スピンし3位に後退した31号車が16号車を追う16号車に迫る31号車
2位に浮上した31号車ゴール時には他車の破片をフロントグリルに貼り付け走行

GT300クラスの表彰式(Photo:Burner Images)

 しかし追撃もここまで、33号車 HANKOOK PORSCHEがハイブリッド車2台を抑え今季2勝目を挙げ、ポイントランキングも1位となった。2位の31号車 apr HASEPRO PRIUS GTはタラレバを言えば3回のスピンと1回のコースアウトがなければ間違いなくハイブリッド車初優勝を飾れただろう。3位の16号車 無限 CR-Z GTはデビュー3戦目で表彰台を獲得した。
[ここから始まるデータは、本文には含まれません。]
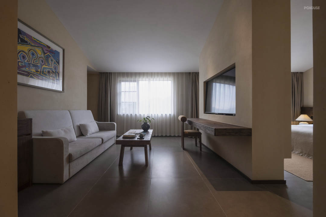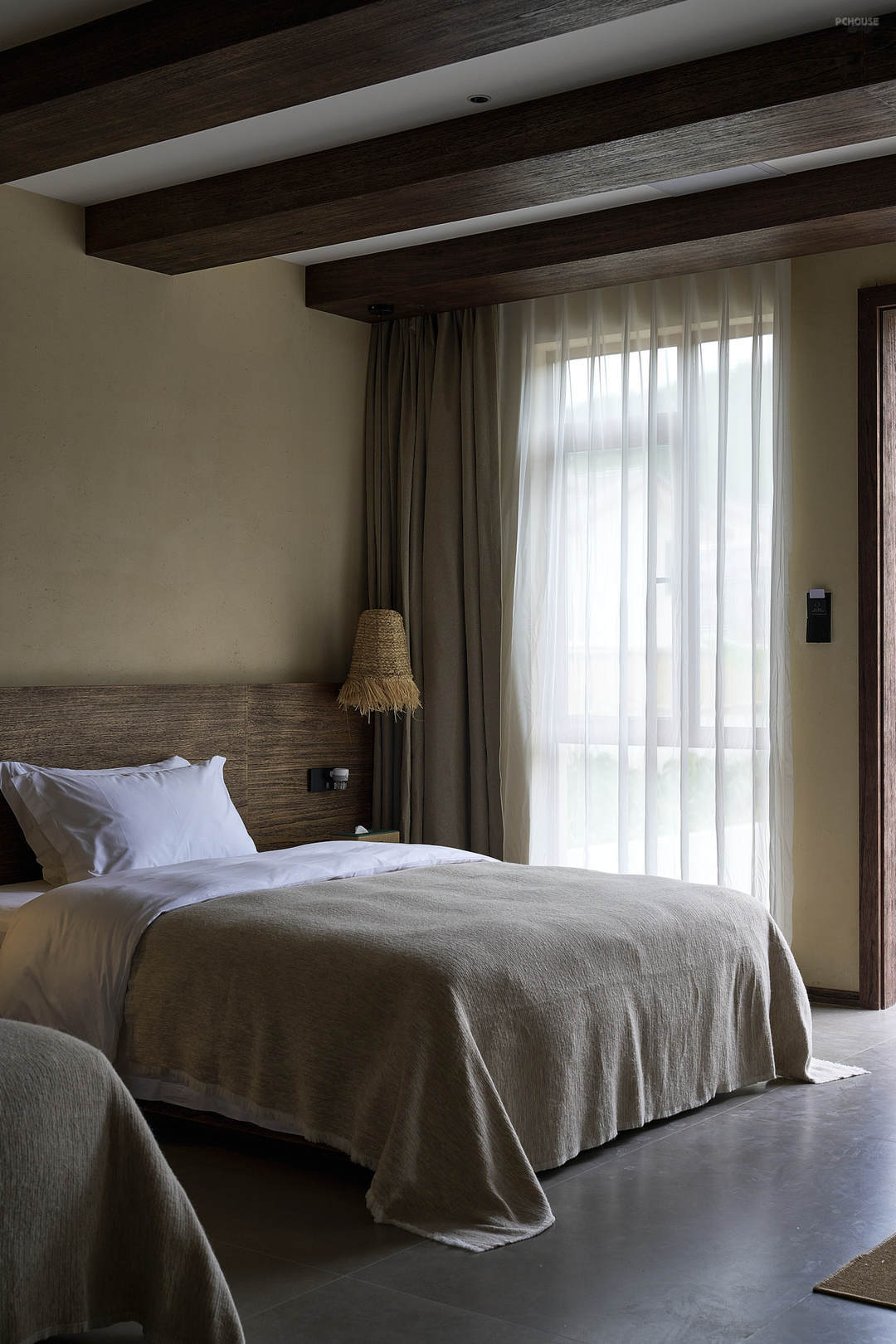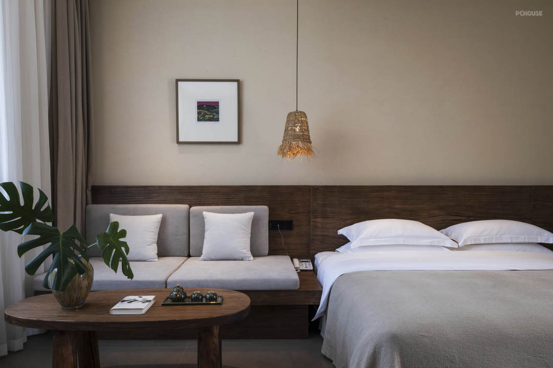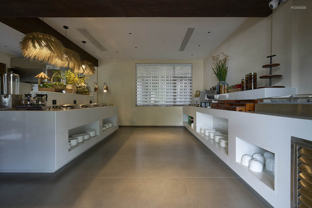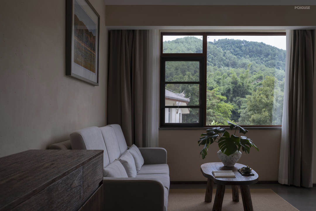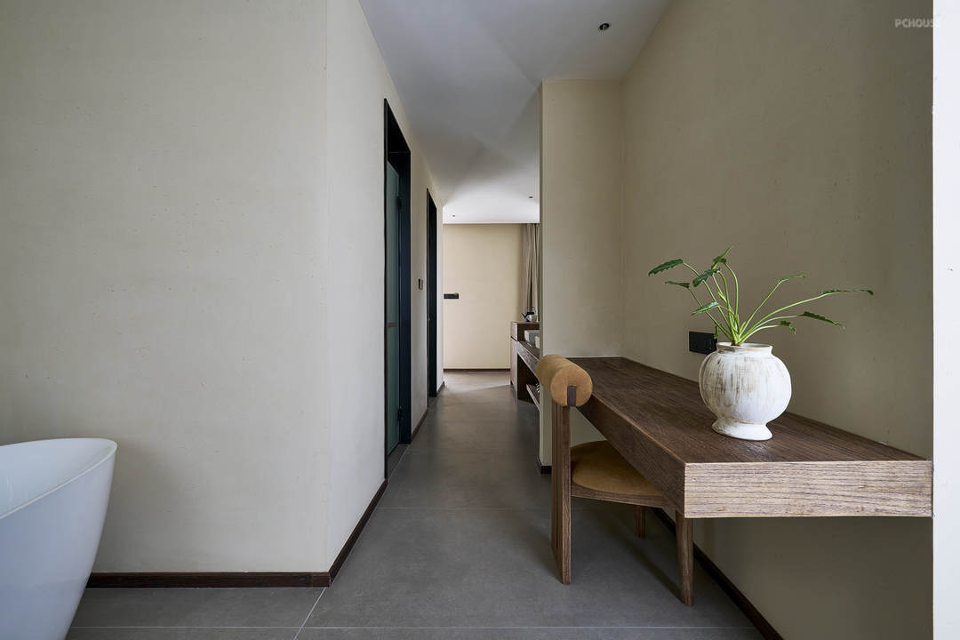 只与稻草漆墙香如旧,咖木沉淀的桌台定格了一辰辰光。材质是沉稳厚重的静木,遥自雨林幽深处,恰如日色冷青松。窗外恰是云销雨霁,一窗入景,不动似画,彩彻区明。

 4位には911号車 エンドレス TAISAN 911、5位 43号車 ARTA Garaiya、6位 61号車 SUBARU BRZ R&D SPORTと続き、7位の11号車 GAINER DIXCEL R8 LMSは今回も予選14位から粘りの走りでポイントを獲得。0号車 GSR 初音ミク BMWは8位に終わった。

GT300クラス最終順位

順位マシン名(ドライバー名)
1位33号車 HANKOOK PORSCHE(影山正美/藤井誠暢)
2位31号車 apr HASEPRO PRIUS GT(新田守男/嵯峨宏紀)
3位16号車 無限 CR-Z GT(武藤英紀/中嶋大祐)
4位911号車 エンドレス TAISAN 911(峰尾恭輔/横溝直輝)
5位43号車 ARTA Garaiya(高木真一/松浦孝亮)
6位61号車 SUBARU BRZ R&D SPORT(山野哲也/佐々木孝太)
7位11号車 GAINER DIXCEL R8 LMS(田中哲也/平中克幸)
8位0号車 GSR 初音ミク BMW(谷口信輝/片岡龍也)
9位3号車 S Road NDDP GT-R(千代勝正/佐々木大樹)
10位30号車 IWASAKI MODAクロコ apr R8(岩崎祐貴/坂本雄也)

GT300ドライバーズポイント

順位マシン名(ドライバー名)ポイント
1位33号車 HANKOOK PORSCHE(影山正美/藤井誠暢)60
2位3号車 S Road NDDP GT-R(千代勝正)48
3位66号車 triple a Vantage GT3(吉本大樹/星野一樹)47
4位11号車 GAINER DIXCEL R8 LMS(田中哲也/平中克幸)47
5位911号車 エンドレス TAISAN 911(峰尾恭輔/横溝直輝)47
6位3号車 S Road NDDP GT-R(関口雄飛)46
7位0号車 GSR 初音ミク BMW(谷口信輝/片岡龍也)38
8位43号車 ARTA Garaiya(高木真一/松浦孝亮)33
9位2号車 エヴァンゲリオンRT初号機PETRONAS紫電(高橋一穂/加藤寛規)25
10位88号車 マネパ ランボルギーニ GT3(織戸学/青木孝行)24

 残りは9月29日~30日開催のオートポリスと、10月27日~28日開催のツインリンクもてぎの2戦。計算上は2連勝すれば40ポイントが獲得できるが、他車もポイントを加算するので事実上は上位5台によるシリーズチャンピオン争いとなりそうだ。

 このレースの模様はテレビ東京系列で毎週日曜23時30分からの「SUPER GTプラス」(BSジャパンでは毎週日曜10時30分から)で放送される。